Prepare for a third Greek bailout

If the eurozone's debt deal means neither side was willing to risk a Greek exit, the same process will be repeated when pressure builds again.

At last the tortuous process leading to agreeing a second Greek bailout has ended. The main significance of the deal is that it was agreed. After all, many market participants had begun to fear that it would not be and that Greece would default. Accordingly, some were worrying about the potential consequences of a euro break-up scenario that they believed might have made the Lehman bankruptcy and its aftermath look trivial.

Of course, the deal does not solve Greece’s problems. Thus, it is widely recognised that we will probably be worrying about Greece again later. The analysis conducted by the International Monetary Fund is said to recognise the risks that the necessary competitiveness adjustment could come about via an even deeper and more protracted recession, which could imply that the debt-to-gross domestic product ratio ends up at 160 per cent of GDP in 2020, rather than the 120 per cent for which the program is aiming. Besides, the process may be 'accident prone'. For example, it is possible that the Greek government that emerges after elections due in April will ask to renegotiate the deal.

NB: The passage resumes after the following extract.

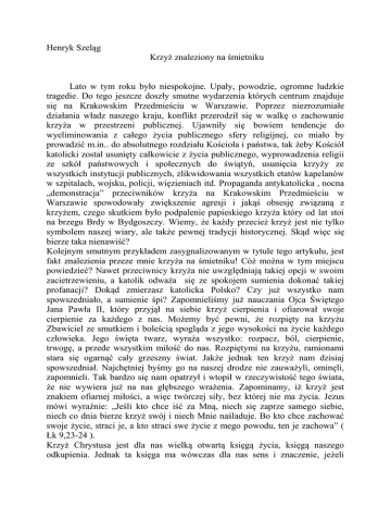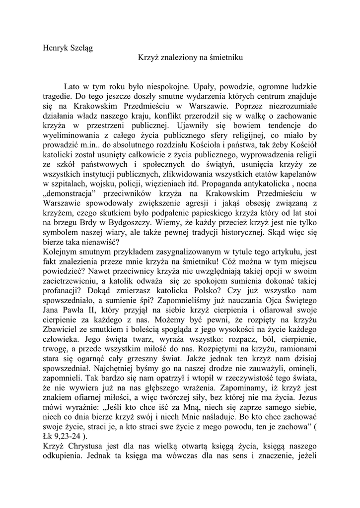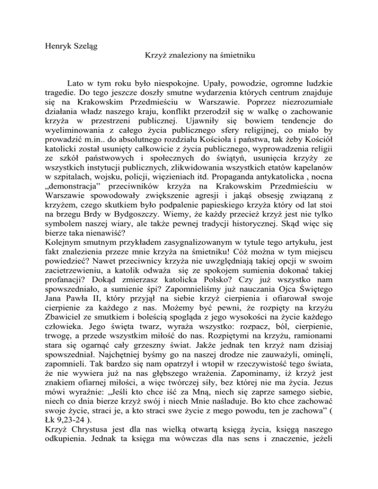 Henryk Szeląg Krzyż znaleziony na śmietniku Lato w tym roku było niespokojne. Upały, powodzie, ogromne ludzkie tragedie. Do tego jeszcze doszły smutne wydarzenia których centrum znajduje się na Krakowskim Przedmieściu w Warszawie. Poprzez niezrozumiałe działania władz naszego kraju, konflikt przerodził się w walkę o zachowanie krzyża w przestrzeni publicznej. Ujawniły się bowiem tendencje do wyeliminowania z całego życia publicznego sfery religijnej, co miało by prowadzić m.in.. do absolutnego rozdziału Kościoła i państwa, tak żeby Kościół katolicki został usunięty całkowicie z życia publicznego, wyprowadzenia religii ze szkół państwowych i społecznych do świątyń, usunięcia krzyży ze wszystkich instytucji publicznych, zlikwidowania wszystkich etatów kapelanów w szpitalach, wojsku, policji, więzieniach itd. Propaganda antykatolicka , nocna „demonstracja” przeciwników krzyża na Krakowskim Przedmieściu w Warszawie spowodowały zwiększenie agresji i jakąś obsesję związaną z krzyżem, czego skutkiem było podpalenie papieskiego krzyża który od lat stoi na brzegu Brdy w Bydgoszczy. Wiemy, że każdy przecież krzyż jest nie tylko symbolem naszej wiary, ale także pewnej tradycji historycznej. Skąd więc się bierze taka nienawiść? Kolejnym smutnym przykładem zasygnalizowanym w tytule tego artykułu, jest fakt znalezienia przeze mnie krzyża na śmietniku! Cóż można w tym miejscu powiedzieć? Nawet przeciwnicy krzyża nie uwzględniają takiej opcji w swoim zacietrzewieniu, a katolik odważa się ze spokojem sumienia dokonać takiej profanacji? Dokąd zmierzasz katolicka Polsko? Czy już wszystko nam spowszedniało, a sumienie śpi? Zapomnieliśmy już nauczania Ojca Świętego Jana Pawła II, który przyjął na siebie krzyż cierpienia i ofiarował swoje cierpienie za każdego z nas. Możemy być pewni, że rozpięty na krzyżu Zbawiciel ze smutkiem i boleścią spogląda z jego wysokości na życie każdego człowieka. Jego święta twarz, wyraża wszystko: rozpacz, ból, cierpienie, trwogę, a przede wszystkim miłość do nas. Rozpiętymi na krzyżu, ramionami stara się ogarnąć cały grzeszny świat. Jakże jednak ten krzyż nam dzisiaj spowszedniał. Najchętniej byśmy go na naszej drodze nie zauważyli, ominęli, zapomnieli. Tak bardzo się nam opatrzył i wtopił w rzeczywistość tego świata, że nie wywiera już na nas głębszego wrażenia. Zapominamy, iż krzyż jest znakiem ofiarnej miłości, a więc twórczej siły, bez której nie ma życia. Jezus mówi wyraźnie: „Jeśli kto chce iść za Mną, niech się zaprze samego siebie, niech co dnia bierze krzyż swój i niech Mnie naśladuje. Bo kto chce zachować swoje życie, straci je, a kto straci swe życie z mego powodu, ten je zachowa” ( Łk 9,23-24 ). Krzyż Chrystusa jest dla nas wielką otwartą księgą życia, księgą naszego odkupienia. Jednak ta księga ma wówczas dla nas sens i znaczenie, jeżeli potrafimy ją przeczytać, odnaleźć morał i zrozumieć jej treść. Dopóki nie zrozumiemy istoty Ofiary Krzyżowej Chrystusa, świat będzie dążył ku zagładzie. Ponieważ krzyż Chrystusa jest również „znakiem któremu sprzeciwiać się będą”, musimy sobie dzisiaj zadać pytania: czy zawsze potrafimy wypełniać wolę Chrystusa? Czy potrafimy pójść za Nim wbrew pokusom tego świata i wbrew tym, którzy plują na nas z powodu naszej przynależności do Niego, nazywając wierzących oszołomami, moherami, ciemnogrodem? Często na te pytania nie umiemy sobie odpowiedzieć. Są dla nas po prostu za trudne. Współczesny świat przytłacza nas ogromem zła, skupia naszą uwagę na pokusach, zachęca do odwrócenia się od Boga. Co dziwne, czynią tak również politycy, którzy przyznając się do wiary katolickiej, akceptują i umożliwiają dzisiaj walkę z krzyżem w naszym kraju, chociaż w dużej mierze wybrani zostali głosami „oszołomów” i „ciemnogrodu”. Jest to woda na młyn dla młodych ludzi wychowywanych w duchu liberalno -lewicowym. Również niektóre media kreują styl życia na luzie, bez Boga, bez krzyża w miejscach publicznych. Kształtują naszą świadomość, a my łatwo się takim manipulacjom poddajemy. Ks. prof. Czesław S. Bartnik w wywiadzie na łamach „Naszego Dziennika”, mówi: „Okazuje się, że teoria ateistyczna państwa również w Polsce znajduje podatny grunt. Przygotowała go ideologia marksistowska ucząca, że partia rządząca musi być ateistyczna i sama ma charakter boski. Toteż nawet nie zauważyliśmy jak od lat 80. ubiegłego wieku życie polskie nadal przenikały poglądy marksistowskie i zarazem liberalistyczne, które zgodnie dążą do całkowitego wyeliminowania religii z życia publicznego. Dostrzegaliśmy tylko, że dzieje się coś złego w polityce, ustawodawstwie, pedagogice, kulturze, etyce, życiu religijnym. Dopiero z czasem spostrzegliśmy, że rodzi się sprzeciw w stosunku do religii w życiu publicznym, że jest to sprzeciwianie się obecności krzyża Chrystusowego we wszystkich dziedzinach”. Dlatego musimy zrozumieć, że potrzeba nam dzisiaj prawdziwej miłości, takiej jaka promieniuje z krzyża Chrystusowego, cierpliwości, pokory, opanowania, wierności, wytrwałości i głębokiej wiary, której znakiem jest krzyż. Wtedy nie będzie m. in. sprofanowanego krzyża na śmietniku, ponieważ: W krzyżu cierpienie, w krzyżu zbawienie, W krzyżu miłości nauka. Kto Ciebie , Boże, raz pojąć może, Ten nic nie pragnie, ni szuka. Kiedy cierpienie, kiedy zwątpienie Serce ci na wskroś przepali, Gdy grom się zbliża, pospiesz do krzyża, On ciebie wesprze, ocali. Krzyż o którym dzisiaj piszę, zostanie powieszony w salce katechetycznej jednej ze szkół w naszej parafii.
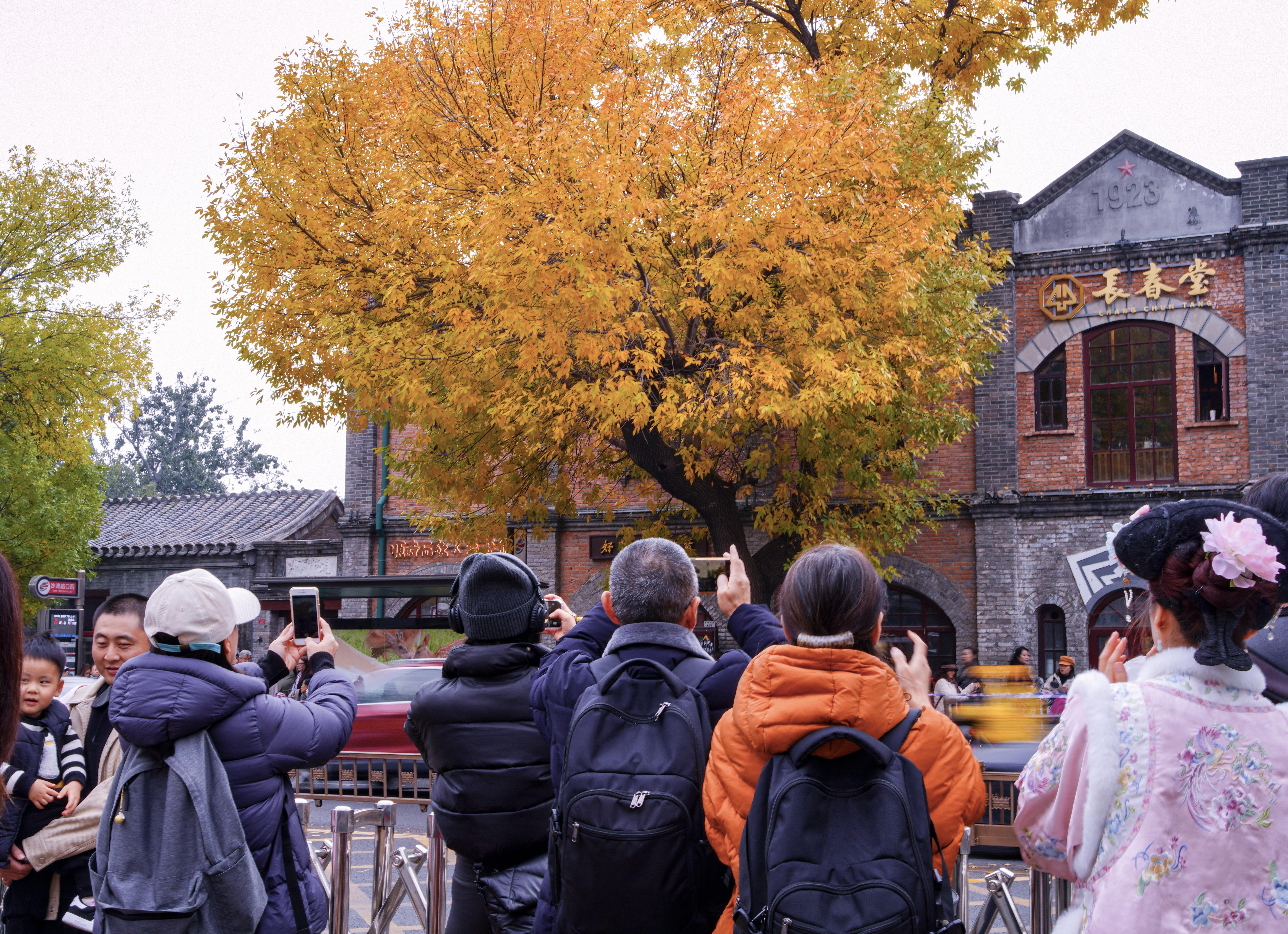 五四大街的長春堂前,游客在“網(wǎng)紅”白蠟樹下拍照。

Also, if Greece does achieve a primary surplus in the coming years, this would enhance its ability to deviate from the agreement. What does this mean for global equity and bond markets? Given the uncertainties, it is perhaps appropriate to consider scenarios.

On an optimistic view, that a deal was struck implies that neither side was ultimately willing to risk a Greek exit because they recognise that no one fully understands all the ramifications of such a decision. Under this scenario, when pressure again builds, the authorities will do the same: let Greece remain in the euro, even if it fails to keep to its adjustment program. So, the reality of 'bail-out II' means that, if the situation becomes critical, there will be a 'bail-out III'.

Under this scenario, equities should outperform bonds significantly. A standard valuation model suggests that stock markets in the US and Europe are inexpensive relative to bonds. Our research into the "equity risk premium” suggests that markets may be assigning a non-trivial probability to a "disaster scenario” for GDP as a result of "euro tail risk”. Hence, a growing belief that neither side would risk a Greek exit should support equity-bond outperformance.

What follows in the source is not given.